Among the four co-workers, only Victoria Adams
was interviewed by the Warren Commission. Her interviewer was David Belin. Her
reportage of the events of November 22, 1963 concurred with her statements to
the FBI, with one major exception: "After the third shot, following that,
the third shot, I went to the back door and encountered Bill Shelley and Bill
Lovelady on the way out to the Houston Street Dock." [7]
This
change was crucial; Shelley and Lovelady did not enter the building until 5 to10
minutes after the shooting. Were this change true, Adams and Styles would have
come down the stairs too late to see or hear Oswald on the stairs. But did
Victoria Adams say what she was reported as having said? As we will see later,
Roger Craig's testimony was altered in significant ways. Finding the original
recording or interviewing Victoria Adams would help answer this question.
Victoria
Adams moved from Dallas to the home office of Scott Foresman in Chicago in
July, 1964. She was given the chance at a transfer and she jumped at it. But Chicago is where the trail ran cold for
Ernest.
Some
of the details in the intervening years would be revealed to Ernest when he
finally made contact with Victoria Adams in 2002. She worked at Scott Foresman
in Chicago for two years. She'd hoped that they would help her continue her education
with some financial help; Scott Foresman was unwilling to do this. She met and
married a man who lived in the suburbs of Chicago. Later, they moved to San
Diego. [8] There she worked as an office manager for several surgeons. She went
back to college and got a degree in general education. She then moved into real
estate and continued her education, culminating in receiving a degree in
business administration and achieving summa cum laude. The couple chose to take
a trailer on the roads for the next six years, seeing America. They next
relocated to the Seattle area, and eventually moved to Oregon, where she
settled again into the real estate business. Ernest finally contacted Adams in
2002. She passed away in 2007. [9]
Ernest's
First Trip to Dallas
In
March 1968, Barry Ernest made his first trip to Dallas and Dealey Plaza. He had
begun correspondence with Eugene Aldridge, who had been mentioned in one of the
books Ernest had read regarding the assassination. Aldridge met Ernest at Dealey
Plaza and Aldridge proceeded to give Ernest a guided tour of the Plaza.
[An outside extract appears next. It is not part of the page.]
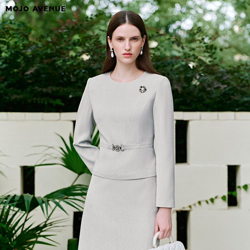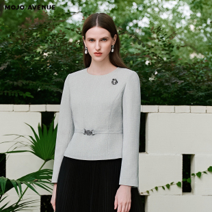智感女士职场极简短外套圆领收腰上衣 新品 朗姿 MOJO莫佐2026春季

Aldridge also took Ernest to Midlothian, where Ernest was introduced to Penn
Jones. Jones asked Ernest to try to interview Kenneth Cody, a man whose
telephone number appeared twice in Lee Harvey Oswald's notebook. Jones thought
a young outsider would have a better chance of talking to Cody, whom Jones
thought might have been scheduled to fly one or more assassins out of Dallas on
the day of the assassination. Ernest did talk to Cody, who surmised that
Oswald, whom he had never spoken to, might have copied the number down from a
property that Cody was trying to sell. Cody was asked if he had a pilot's
license or knew how to fly a plane. A simple "Nope" seemed to handle
Jones interests. [10] Jones felt that J.D. Tippet was as much a patsy as
Oswald. [11] Jones suggested that Ernest talk to Carroll Jarnagin, a lawyer who
claimed he saw Oswald and Jack Ruby talking at the Carousel Club. Jarnagin was
very concerned with becoming a victim of those that were eliminating
assassination witnesses, and was too afraid to impart any information.[12]
A
productive meeting occurred with Roy Truly, Superintendent of the Texas School
Book Depository building. Though Truly refused Ernest's request to see the
stairs, Ernest went there anyway, unbeknownst to Truly. Oswald had told the police
that he had been eating his lunch on the first floor lunchroom, then going up
to the second floor to get a drink, where he was encountered by Officer Marion
Baker. Could it be possible that Oswald was telling the truth? [13]
An
interview was conducted with S.M. Holland, a supervisor for the Union Terminal
Railroad, who witnessed the motorcade with perhaps the best view of it from the
overpass. Holland reported four shots,
including one from behind the fence on the knoll. [14] Carolyn Walther, who saw
two men in the sniper's nest, was questioned by the FBI, but not the Warren
Commission. She passed by Abraham Zapruder on the fateful day, and heard
Zapruder say that President Kennedy was shot in the forehead, from the front.
Walther ended with, " I know what I saw and I know what I heard. And it's
not what the government is telling us how it happened." [15] Ernest's
first trip to Dallas seems quite productive. One discordant note was that he
still had no leads on trying to track down Victoria Adams.
The
National Archives and Meeting Harold Weisberg
Ernest
began going to the National Archives in his search for Victoria Adams.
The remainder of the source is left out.